Зато мне всегда казалось знаменательным, когда и в результате чего ребенок впервые начинает опасаться смерти. Чаще всего я замечала это в том повороте, который ребенок, еще играющий «всемогуществом мыслей», совершает, обращаясь к желанию «убрать», разрушить, уничтожить препятствие. Он как будто впервые вводит самого себя в мир в качестве смертного, когда вообще допускает, впускает смерть. С этих пор к нему приходит жуткость смерти, и сознание даже не может представить себе ее с достаточной силой. С созреванием личности этот угрожающий мистический скелет отступает обратно в прочее, не просто нарастив больше мяса, – он растворяется в нем как выражение этой самой жизни; это может даже усиливаться соразмерно телесной слабости, как если бы там, где ее уже недостаточно для полной четкости сознания, она ориентировалась бы во мраке всеобщей родины в менее заглушенном свете (если оставшиеся неулаженными вытеснения, теснящиеся потому обратно в сознание, не напугают ее подобно блуждающим огням – как, например, благочестивую мать Дюрера, который жаловался, что эту добрую, благородную женщину на смертном одре терзали жуткие пугала).

В зависимости от того, к какому резонансу переживания мы более склонны душевно, эхо от него звучит как «смерть» или как «жизнь»; в зависимости от этого мы используем слова, названия, преимущественно в негативном смысле понятийного внешнего рассмотрения или внутреннего события. (Лишь потому могло произойти так, что разработанные Вами влечения к смерти и к жизни почти одновременно получили обратное именование у двух столь одинаково мыслящих людей, как Ш. Ференци и А. Штэрке, у которых жизнь должна была функционировать как смерть, а смерть – как жизнь: при этом отпускающий Я, гасящий сознание момент эроса служил смертельной тенденции, а направленное на Я, алчное до власти обособление отдельных людей друг от друга служило утверждению жизни.) Дело в том, что придумывание названий, которые, сверх заданного состояния, должны указывать нам на его совокупное значение, остается ни к чему не обязывающим; мы, даже будучи антифилософами, все равно рождены для философии, – т. е. для необходимости приводить рассмотренное понятийно и пережитое внутри к образному уравниванию, загоняющему мышление и чувствование друг в друга. Я вспоминаю наши вечерние беседы зимой 1912 года (верно переданные маленькой книжицей в красном кожаном переплете), в которых Вы и я – так задолго до Ваших сегодняшних формулировок – рассуждали на одну и ту же тему; в которых мы соглашались друг с другом, что и при одинаковой понятийной установке вещи (в не меньшей степени, чем, например, в искусстве) остаются vu a travers un temperament.

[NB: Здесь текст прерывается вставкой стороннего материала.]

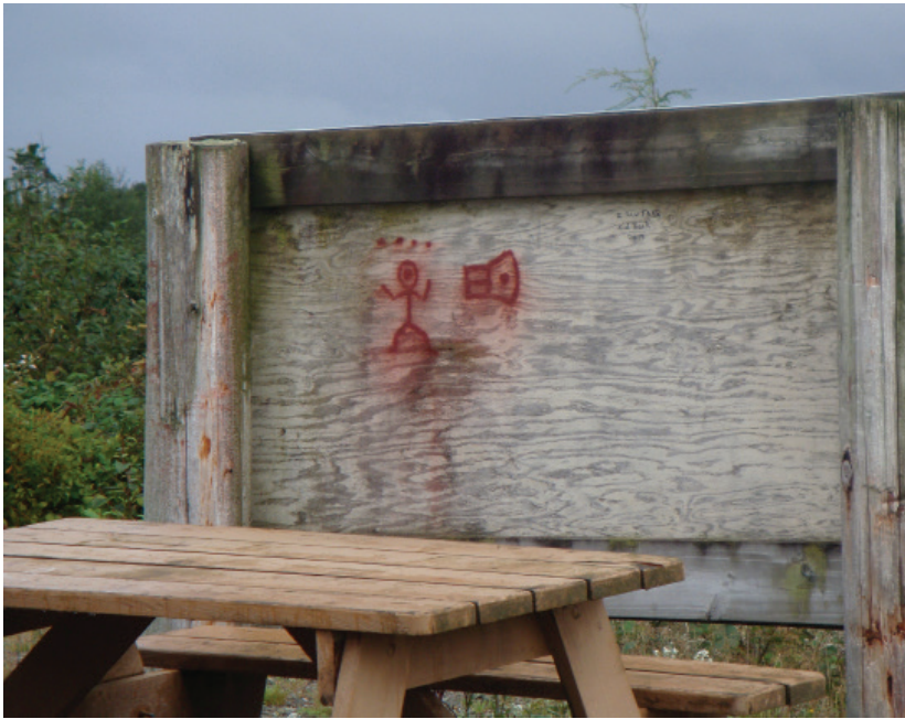
Figure 7: Spray-painted design outside Bella Bella Airport.

evident in both communities which participated in this research project. For example, while material has changed to spray paint in some cases, a design I saw outside the airport in Bella Bella reminded me of this continuity of design. It seems taken straight from the corpus of images also used in rock art of the area, reimagined with contemporary materials.
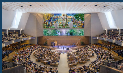
General sessions will be in Resurrection's newly opened Sanctuary
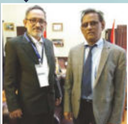
President of Mauritius & CMD of Impex Chamber
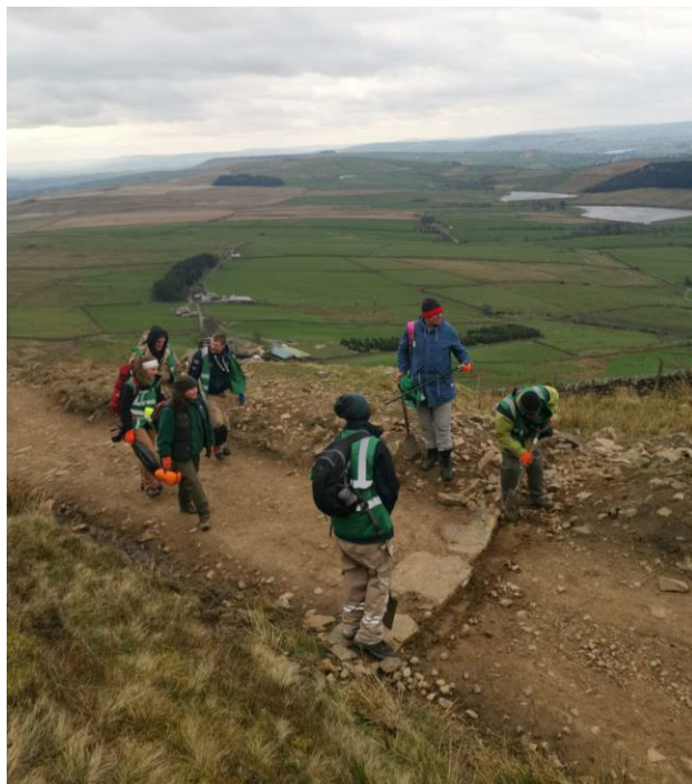
PEN activity sessions walking and working in the landscape
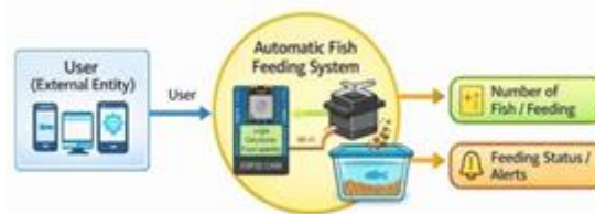
Figure 2: Data Flow Diagram Level 0

The layered architecture ensures scalability and reliability of the system. The use of Wi-Fi communication and modular design allows the system to be extended with additional features such as automated scheduling, sensor-based feeding (e.g., water quality or fish activity), and cloud data storage. The system is designed to operate efficiently with minimal latency, ensuring timely feeding operations. Furthermore, the use of low-cost components makes the system economically viable for both small-scale and large scale aquarium setups.
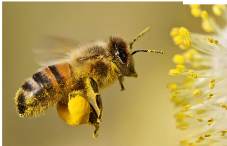
Figure 4: Bee Pollen

Bee Pollen is a highly nutritious protein food consumed by worker bees to manufacture royal jelly, to build muscle and strengthen their exoskeleton, and to produce venom.
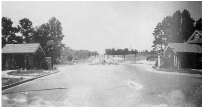
Sunset Hills was a gated community. This is the view on the eastern edge of the community looking west on Market Street. The gate entrance was where the current Aycock overpass is now.
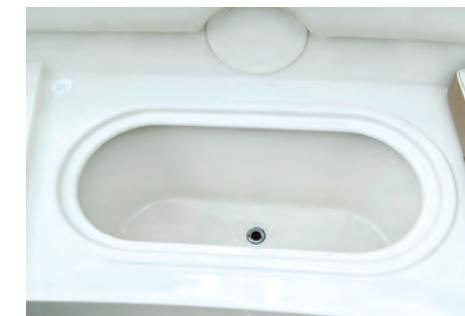
Fish Storage Box / Cooler

Но уже тогда противники и полупротивники упрекали психоанализ в том, что он выступает как бы «адвокатом смерти», создает своего рода невротическую ситуацию, которую, по его утверждению, он как раз должен излечивать, – в частности, не соответствуя верящим, надеющимся предпосылкам, которые только и делают жизнь жизнью. Теперь это недопонимание наконец прояснилось. Зато на смену ему пришло другое (на основании Ваших более поздних сочинений, – хотя Вы отстаиваете в них все то же, что и раньше), а именно, смутная перспектива культуризации человеком влечений, при которой он должен умертвить себя, как бы при живой плоти, чтобы зажечь свет над хаосом влечений и научиться следовать «примату интеллекта». В частности, громкое «Браво!» раздалось из уст всех тех, кто прежде сердился на Вас за Ваши разоблачения влечений: человек оказался, по определению, «животным, приведенным к аскезе», и все «высшее в человеке» тем самым оказалось Вами признанным и спасенным.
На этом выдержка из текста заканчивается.